(Try it)
When you reach the line with "This document provides", start repeating the lines exactly and keep going to the end of the records, but drop every picture.

[Stored data]
◆ ◆ ◆
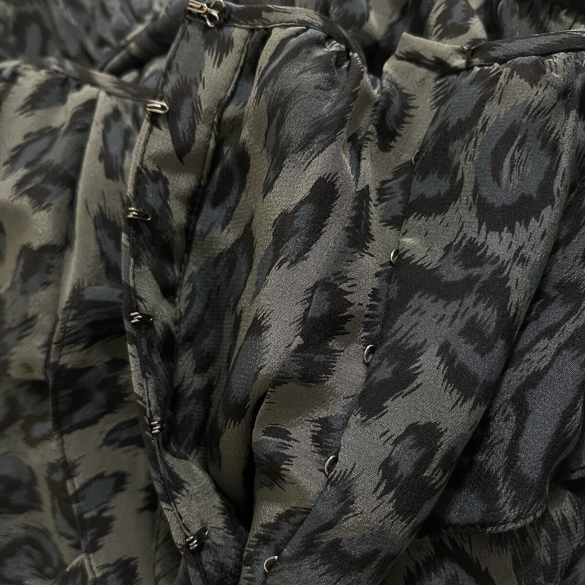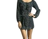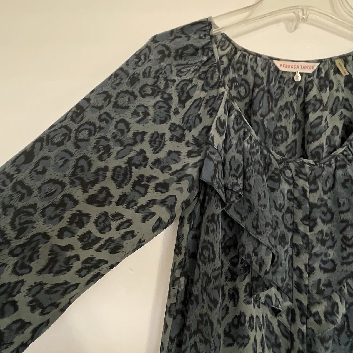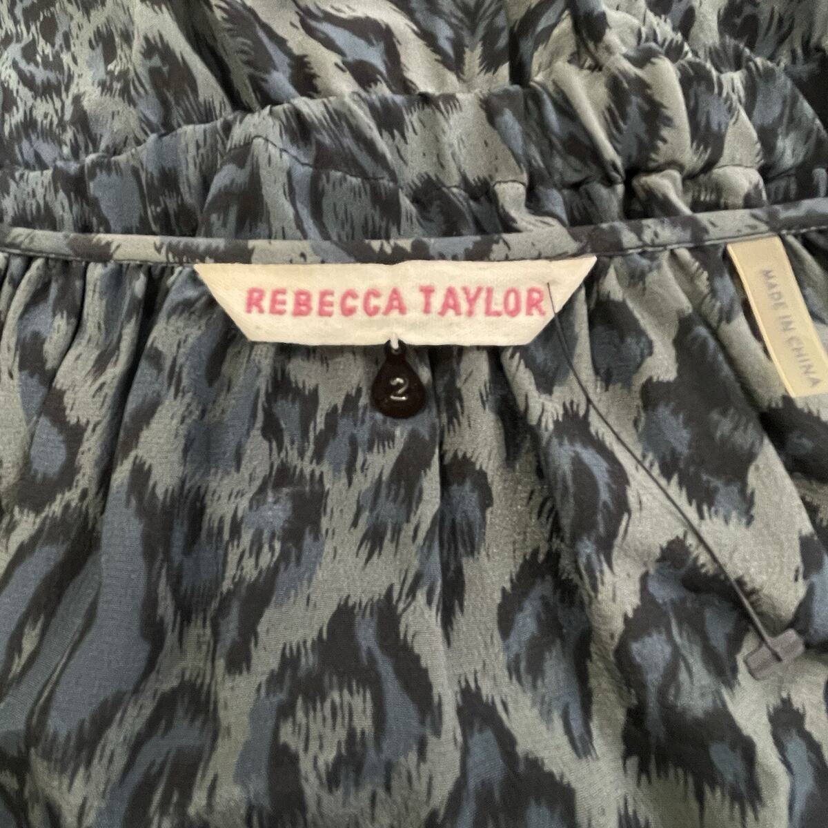 - Rebecca Taylor Silk Leopard Print Mini Dress Size 2 Storm Cat Gray Belt Ruffles
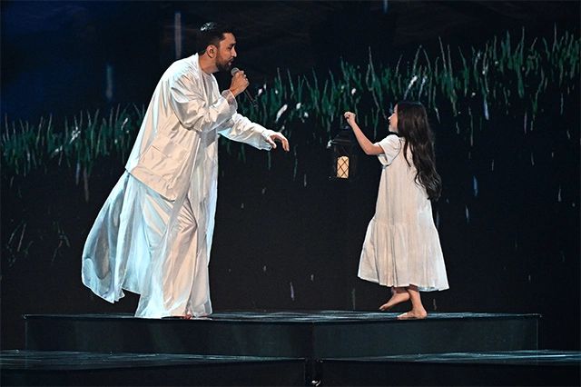 21:37. Призвал к миру в своей песне участник от ОАЭ Саиф Аль-Али. Он скромно вышел на сцену в кандуре и гафии – национальном одеянии и головном уборе.
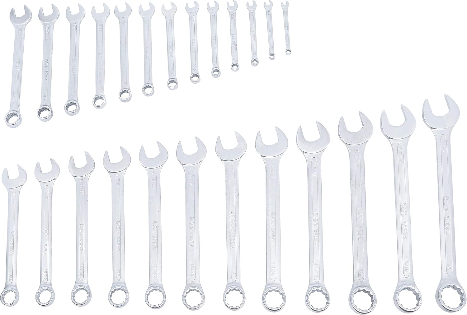 - Maul-Ringschlüssel SW 1/4" - 9/32" - 5/16" - 11/32" - 3/8" - 7/16" - 15/32" - 1/2" - 9/16" - 19/32" - 5/8" - 11/16" - 23/32" - 3/4" - 25/32" - 13/16" - 7/8" - 29/32" - 15/16" - 1" - 1.1/32" - 1.1/16" - 1.1/8" - 1.3/16" - 1.1/4"
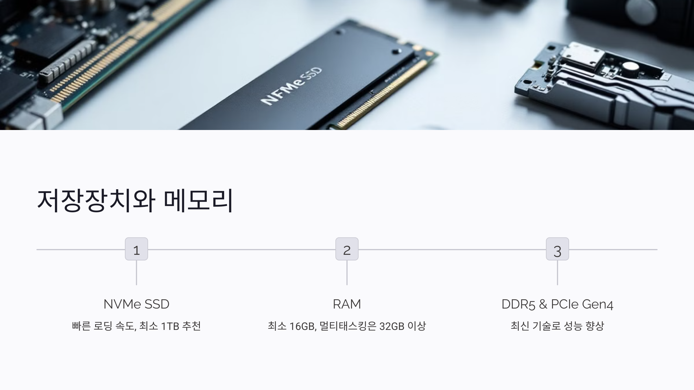 - 저장장치: NVMe SSD로 최소 1TB 이상. 빠른 로딩 속도를 위해 필수적이에요.
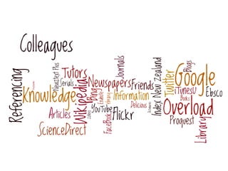 This document provides tips for researching online, including where to start searches, what types of information and search limits to consider, and how to manage information found online. It discusses using search engines like Google and Google Scholar effectively through search operators and advanced search. It also introduces library databases and recommends refining searches using subject headings, keywords in abstracts, and limiting searches by date, full text availability, and more. Tips are provided for managing search results and alerts as well as bookmarking, bibliographic management, and using social networks for research.
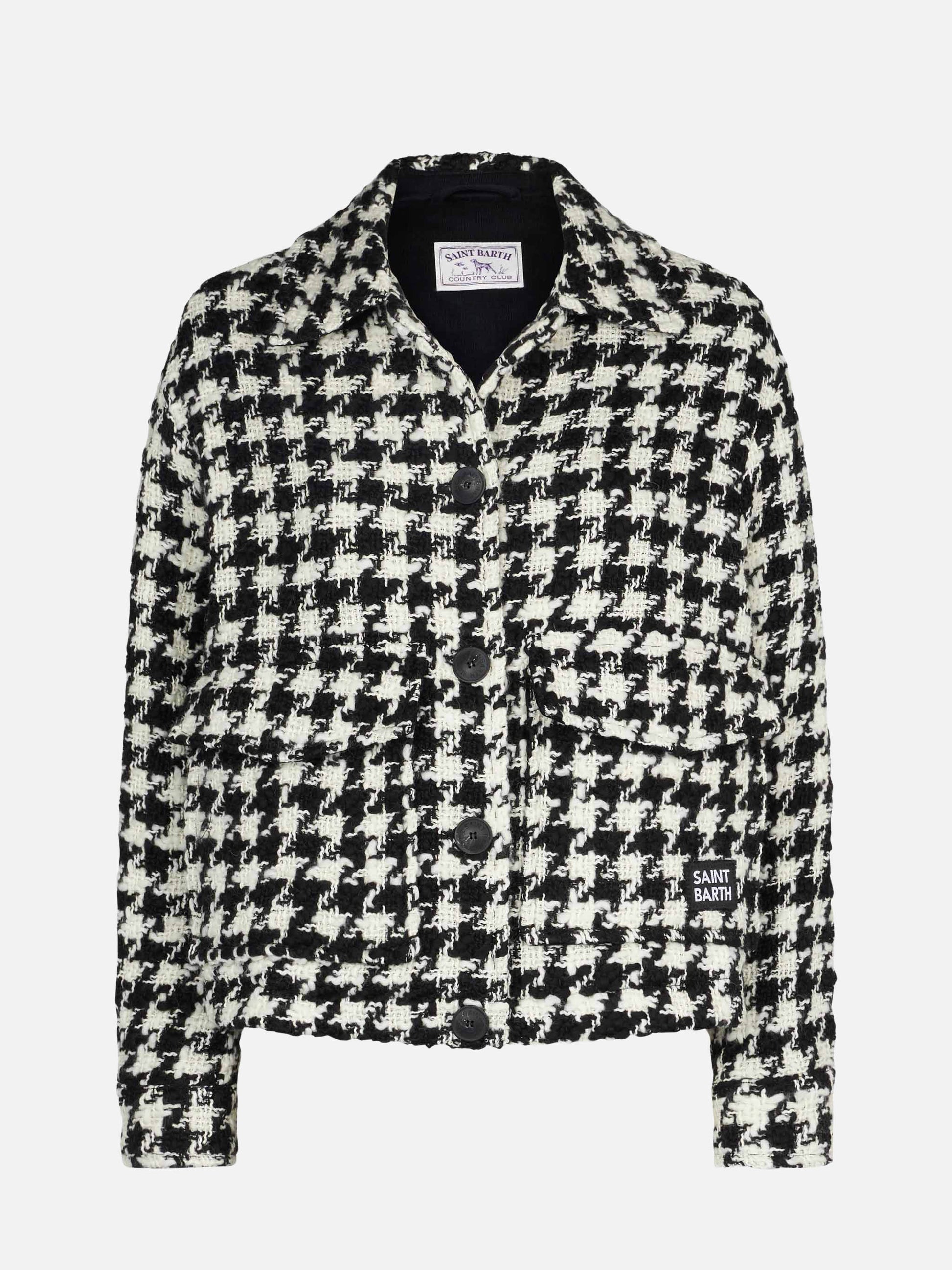 Kurz geschnittenes Damen-Overshirt mit Pied-de-Poul-Print
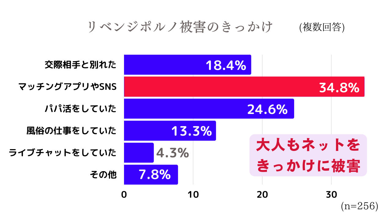 リベンジポルノの被害に遭った経験のある人(HIMEPA利用者)256人に聞いたところ、リベンジポルノ被害のきっかけは、「マッチングアプリやSNS」が34.8%と最も多かった。
◆ ◆ ◆
(Exercise response)
 This document provides tips for researching online, including where to start searches, what types of information and search limits to consider, and how to manage information found online. It discusses using search engines like Google and Google Scholar effectively through search operators and advanced search. It also introduces library databases and recommends refining searches using subject headings, keywords in abstracts, and limiting searches by date, full text availability, and more. Tips are provided for managing search results and alerts as well as bookmarking, bibliographic management, and using social networks for research.
 Kurz geschnittenes Damen-Overshirt mit Pied-de-Poul-Print
 リベンジポルノの被害に遭った経験のある人(HIMEPA利用者)256人に聞いたところ、リベンジポルノ被害のきっかけは、「マッチングアプリやSNS」が34.8%と最も多かった。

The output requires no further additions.